No results posted yet for this study

Summary

Noise in the operating room is common and often unavoidable, but there is mixed evidence of its impact. Previous research has suggested that excessive noise at the time when a patient is being 'put to sleep' may lead to care teams missing changes in monitors, having difficulties focusing or increasing stress. However, it is unknown ifs noise at this time affects the patient's satisfaction with the overall surgical experience.

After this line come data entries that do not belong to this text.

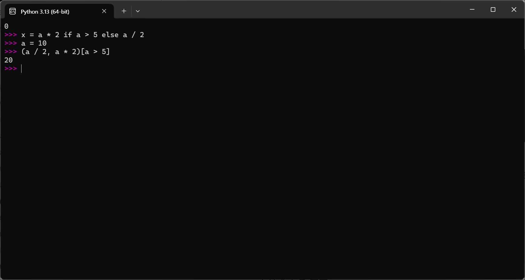 파이썬에서 삼항 연산자(ternary operator)는 조건에 따라 값을 선택하는 간결한 표현식입니다. 정식 명칭은 조건 표현식(conditional expression)입니다.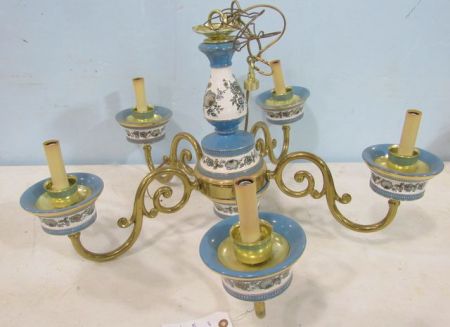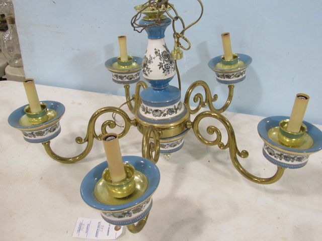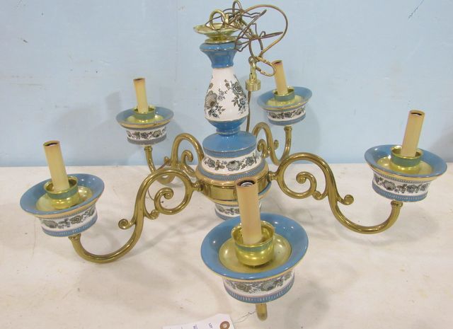 Teal and white porcelain with brass arms. Teal and white porcelain with brass arms.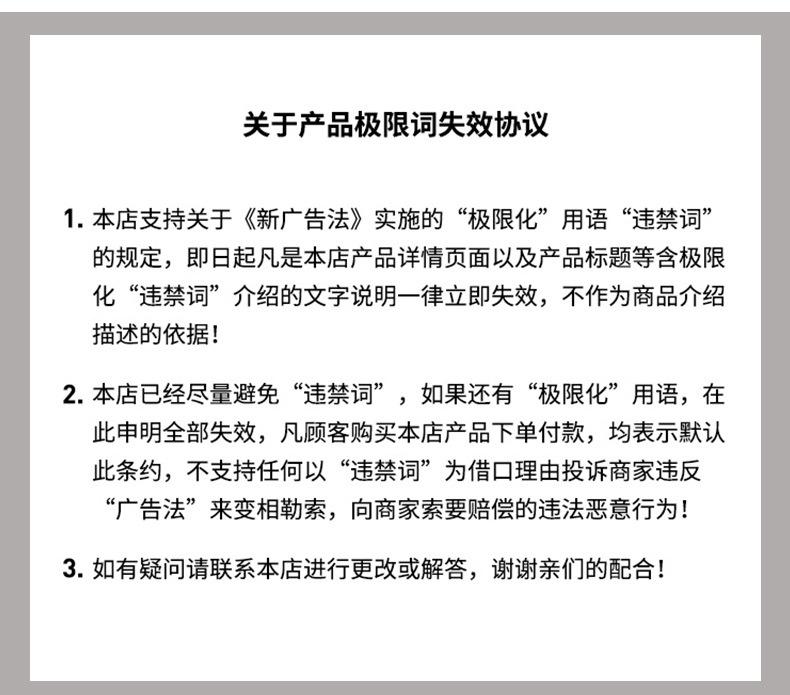Consejos de compra: Los precios de nuestros productos no incluyen puntos de impuestos. Los puntos de impuestos se agregarán al facturar. Por favor, contacte con el servicio al cliente para más detalles. Algunos productos y áreas remotas (como Xinjiang, Tíbet, Hong Kong, Macao, Taiwán, etc.) no se pueden enviar de forma gratuita. Por favor, pregunte al servicio al cliente para modificar la tarifa de envío para más detalles. Algunos productos son de preventa y el precio de la página es un depósito prepagado. Por favor, contacte con el servicio al cliente para confirmar antes de realizar un pedido. Algunos estilos de productos pueden ser ligeramente diferentes de las imágenes de la página. Los productos personalizados no son reembolsables ni cambiables. Debido a que nuestra tienda no admite siete días sin motivo, por favor confirme las especificaciones y los estilos con el servicio al cliente antes de realizar un pedido para evitar malentendidos. ¡Disculpe las molestias ocasionadas!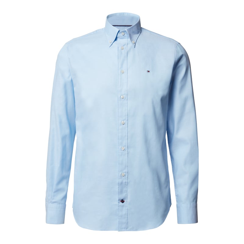Koszula casualowa męska Tommy Hilfiger, Czysta bawełna, Krój regular fit, Kołnierzyk typu under button down, Listwa guzikowa, Zaokrąglony dół, Fakturowany wzór, Wyhaftowane logo, Długość tyłu w rozmiarze 40: 80 cm, Szerokość ramion w rozmiarze 40: 45 cm, Długość rękawa w rozmiarze 40: 60 cm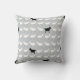 A fun sheep repeat patterned throw pillow with white sheep and the cheeky black sheep smiling animal mono design. Art and design by Sarah Trett.

The investigators are conducting a survey study to evaluate patients' and anesthesiologists' overall satisfaction at the time of induction, before and after an education program promoting reducing noise in the Operating Room.

Study Purpose: The purpose of this study is to investigate how noise levels that the time of induction in the OR (operating room) effect patient and anesthesiologists' satisfaction with the overall surgical experience.

Hypothesis: The null hypothesis is that there is no improvement in patient satisfaction with the reduction of noise at the time of induction.

Study Population: The Investigators will be including two study populations: patients age 19 or older undergoing elective, non-cardiac surgery with general anesthesia as the primary mode of anesthesia, and; Anesthesiologists working in these rooms.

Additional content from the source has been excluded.